▸ Problem details: After finding the line containing "3月12日,悦心健康(002" below, please output that line and each following one through the line containing "One night he", exactly as written.

▸ Data to examine:
════

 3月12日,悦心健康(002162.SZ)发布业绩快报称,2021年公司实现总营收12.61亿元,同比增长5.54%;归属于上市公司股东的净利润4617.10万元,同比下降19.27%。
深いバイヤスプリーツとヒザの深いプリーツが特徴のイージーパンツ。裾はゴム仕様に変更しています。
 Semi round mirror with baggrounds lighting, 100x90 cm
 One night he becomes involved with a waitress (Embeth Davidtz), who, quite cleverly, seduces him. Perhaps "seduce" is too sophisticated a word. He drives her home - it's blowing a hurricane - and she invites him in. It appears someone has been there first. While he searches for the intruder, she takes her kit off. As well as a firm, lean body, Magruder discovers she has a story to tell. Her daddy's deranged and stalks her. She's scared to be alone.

════

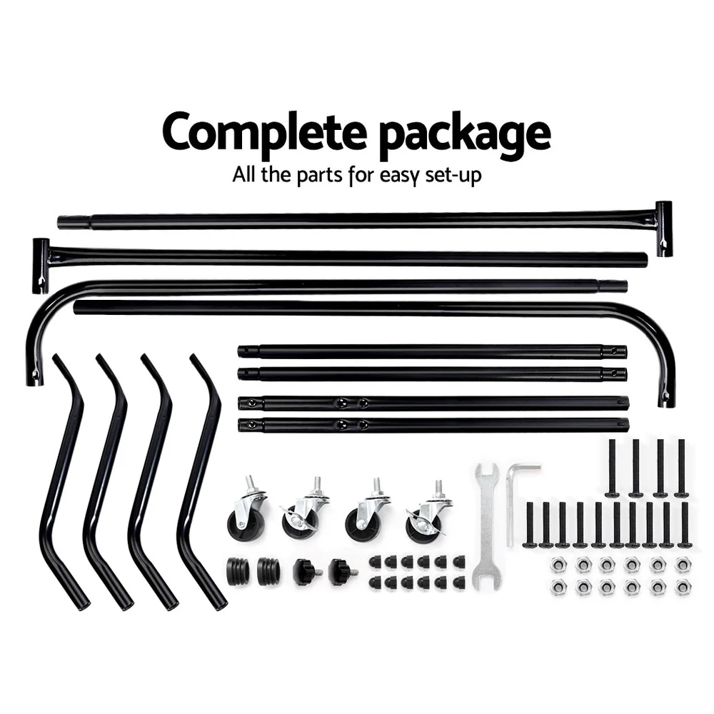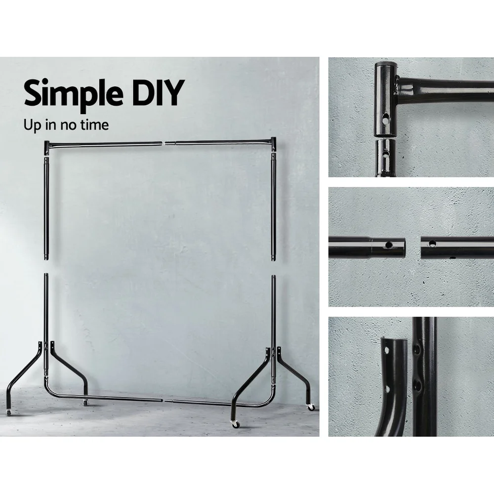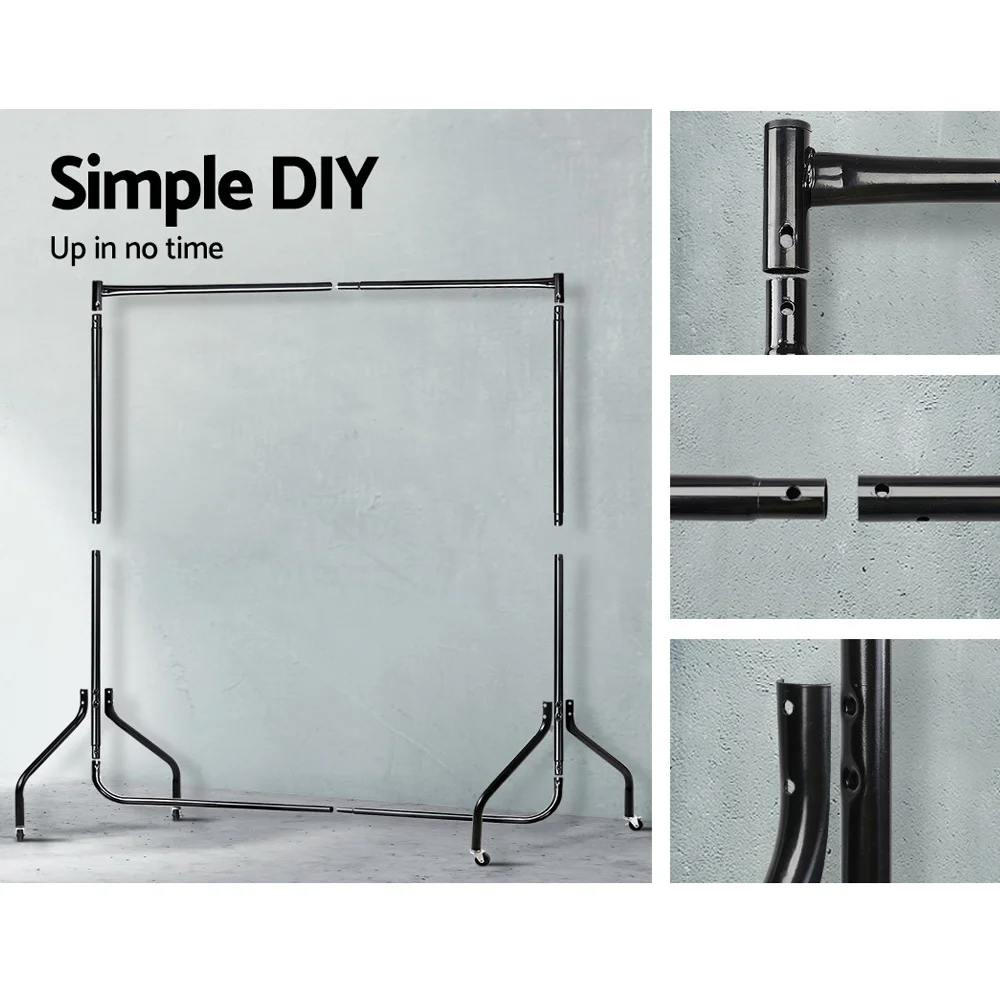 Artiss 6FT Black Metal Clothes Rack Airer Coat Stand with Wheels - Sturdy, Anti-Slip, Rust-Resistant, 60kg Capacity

════

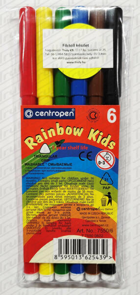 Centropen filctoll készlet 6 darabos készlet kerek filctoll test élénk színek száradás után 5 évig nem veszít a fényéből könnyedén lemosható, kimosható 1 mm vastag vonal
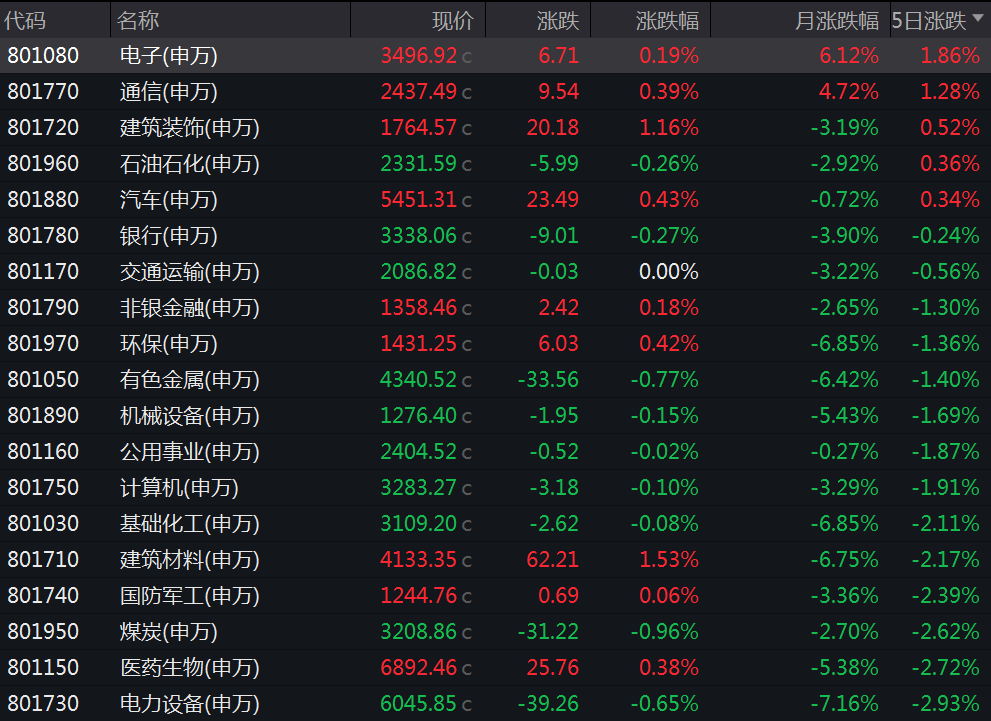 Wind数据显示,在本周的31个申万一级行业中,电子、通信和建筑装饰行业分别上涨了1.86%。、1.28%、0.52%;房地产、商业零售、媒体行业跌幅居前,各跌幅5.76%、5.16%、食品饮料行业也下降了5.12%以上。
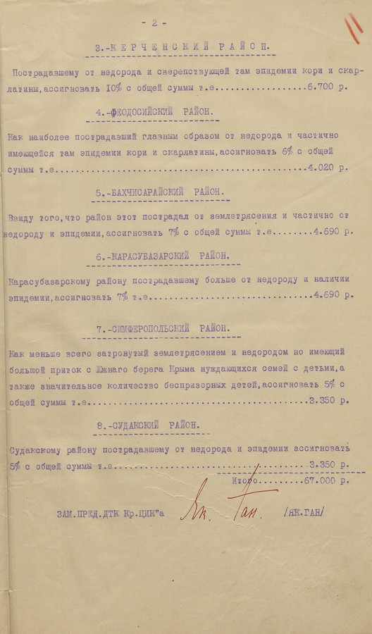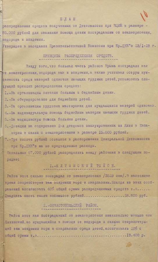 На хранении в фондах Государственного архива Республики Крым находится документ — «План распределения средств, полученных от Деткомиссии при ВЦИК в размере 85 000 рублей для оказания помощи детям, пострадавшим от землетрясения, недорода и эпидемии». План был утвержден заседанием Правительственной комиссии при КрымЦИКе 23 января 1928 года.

════

▸ Answer:
 3月12日,悦心健康(002162.SZ)发布业绩快报称,2021年公司实现总营收12.61亿元,同比增长5.54%;归属于上市公司股东的净利润4617.10万元,同比下降19.27%。
深いバイヤスプリーツとヒザの深いプリーツが特徴のイージーパンツ。裾はゴム仕様に変更しています。
 Semi round mirror with baggrounds lighting, 100x90 cm
 One night he becomes involved with a waitress (Embeth Davidtz), who, quite cleverly, seduces him. Perhaps "seduce" is too sophisticated a word. He drives her home - it's blowing a hurricane - and she invites him in. It appears someone has been there first. While he searches for the intruder, she takes her kit off. As well as a firm, lean body, Magruder discovers she has a story to tell. Her daddy's deranged and stalks her. She's scared to be alone.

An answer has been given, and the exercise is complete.